Baseline characteristics.
| Group C | Group S | Group L | Group SL | P | |
|---|---|---|---|---|---|
| Ave ±SD (median) | Ave ±SD (median) | Ave ±SD (median) | Ave ±SD (median) | ||
| Age (day) | 137.43±6 (139) | 138.71±3.04 (138) | 138.57±4.76 (140) | 137.71±3.99 (138) | 0.774 |
| Weight (gr) | 212.86±24.3 (200) | 214.29±16.18 (210) | 217.14±17.04 (230) | 218.57±10.69 (220) | 0.942 |
| Respiratory rate (Breaths/min) | 83.14±3.48 (83) | 82.14±3.48 (82) | 83±2.31 (82) | 81±3.61 (82) | 0.649 |
| Temperature (Cº) | 36.51±0.52 (36.4) | 36.43±0.51 (36.4) | 36.4±0.56 (36.4) | 36.6±0.31 (36.5) | 0.882 |
| Time to death (Min) | 21.0±9.57 (19) | 35.57±10.61 (37) | 37.14±16.6 (30) | 49.86±27.56 (37) | 0.049* |
| Lethal dose of Verapamil (mg/kg) | 13.13±5.98 (11.88) | 22.24±6.63 (23.13) | 23.22±10.37 (18.75) | 31.16±17.22 (23.13) | 0.048* |
Kruskal-Wallis Test
p<0.05.
Figure 1.
Box plot of time of death by saline, sugammadex, lipid, and sugammadex-lipid group status. Median indicated by black line, and upper and lower quartiles indicated by box edges.
Figure 2.
Kaplan-Meier survival analyses of groups.
Figure 3.
Dose-response curves for all groups.
When time to death data was analyzed, rats in group SL were found to live longer than other groups. While only 1 rat survived longer than 30 minutes in group C, only 2 rats died before 30 minutes in the remaining groups. The number of rats died before 20 minutes was 4 for group C, 1 each for group L and SL, and none in group S (Figures 1, 2).
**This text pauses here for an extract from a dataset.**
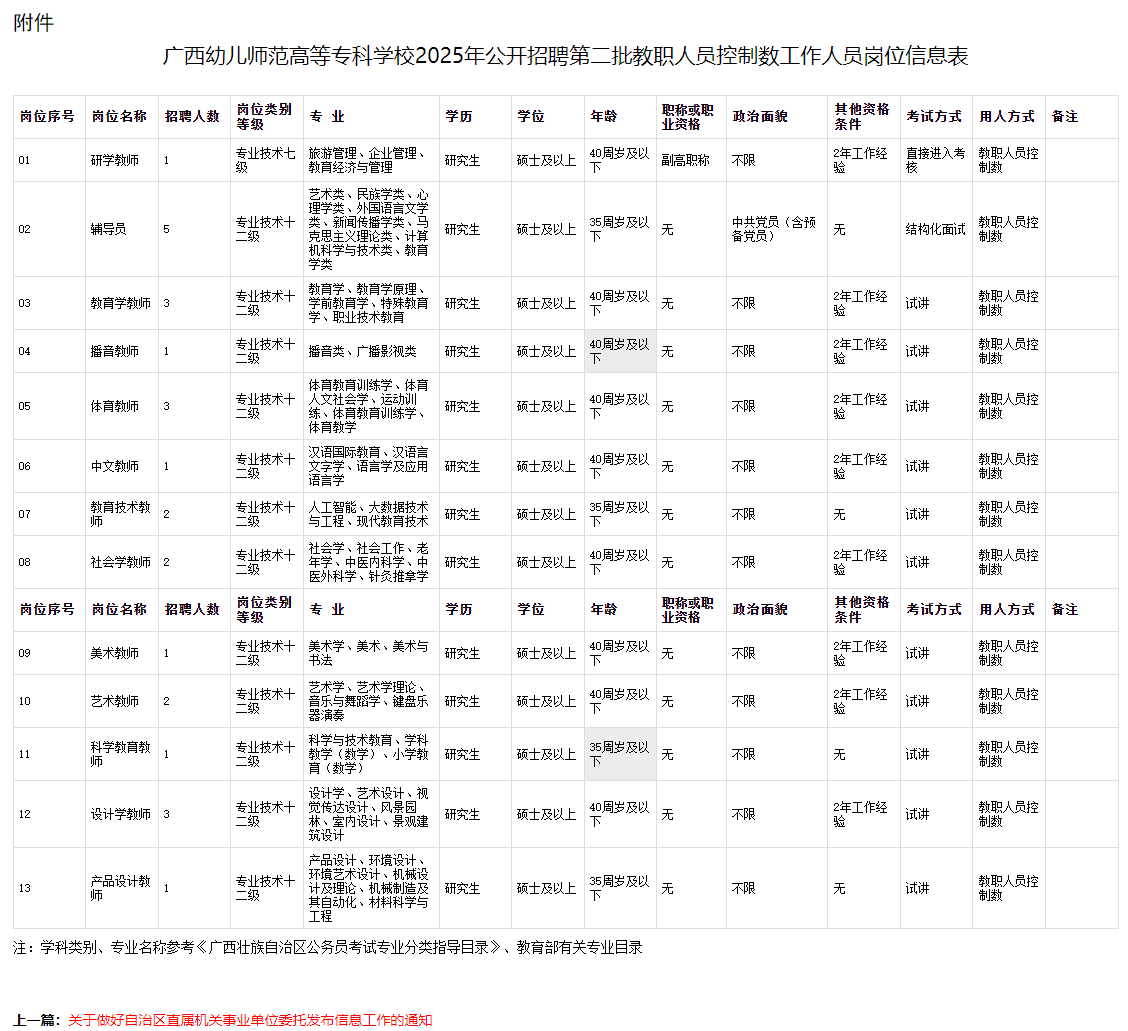 本次公開招聘工作人員26名,具體招聘崗位及要求詳見《廣西幼兒師范高等專科學校2025年公開招聘第二批教職人員控制數工作人員崗位信息表》(附件)。

Tables 2 and 3 show average heart rate and MAP at the time when verapamil infusion was commenced (T0), the time when drugs and/or saline infusion were started (T5), and the time when infusion was discontinued (T10). While there was no difference in heart rates at T0 or T5 between groups, at T10 heart rates of groups S and SL were significantly higher compared to groups C and L (p<0.05) (Table 2). No difference was observed between groups at T0, T5, or T10 for MAP (p>0.5) (Table 3).
Table 2.
Comparison of T0, T5, and T10 heart rates between groups.
| Group C | Group S | Group L | Group SL | 1P | |
|---|---|---|---|---|---|
| Ave ±SD (median) | Ave ±SD (median) | Ave ±SD (median) | Ave ±SD (median) | ||
| T0 | 346.57±52.4 (340) | 368.14±54.62 (382) | 328.86±60.49 (345) | 366.86±103.52 (394) | 0.622 |
| T5 | 309.71±55.61 (302) | 310.86±35.45 (317) | 290.57±69.09 (288) | 309.14±59.17 (321) | 0.911 |
| T10 | 172.86±94.51 (182) | 276.57±49.95 (288) | 185.43±40.44 (197) | 225.57±77.58 (246) | 0.038* |
| 2p | 0.001** | 0.102 | 0.001** | 0.156 |
Kruskal-Wallis Test;
Friedman Test
p<0.05
p<0.01.
Table 3.
Comparison of T0, T5, and T10 MAP between groups.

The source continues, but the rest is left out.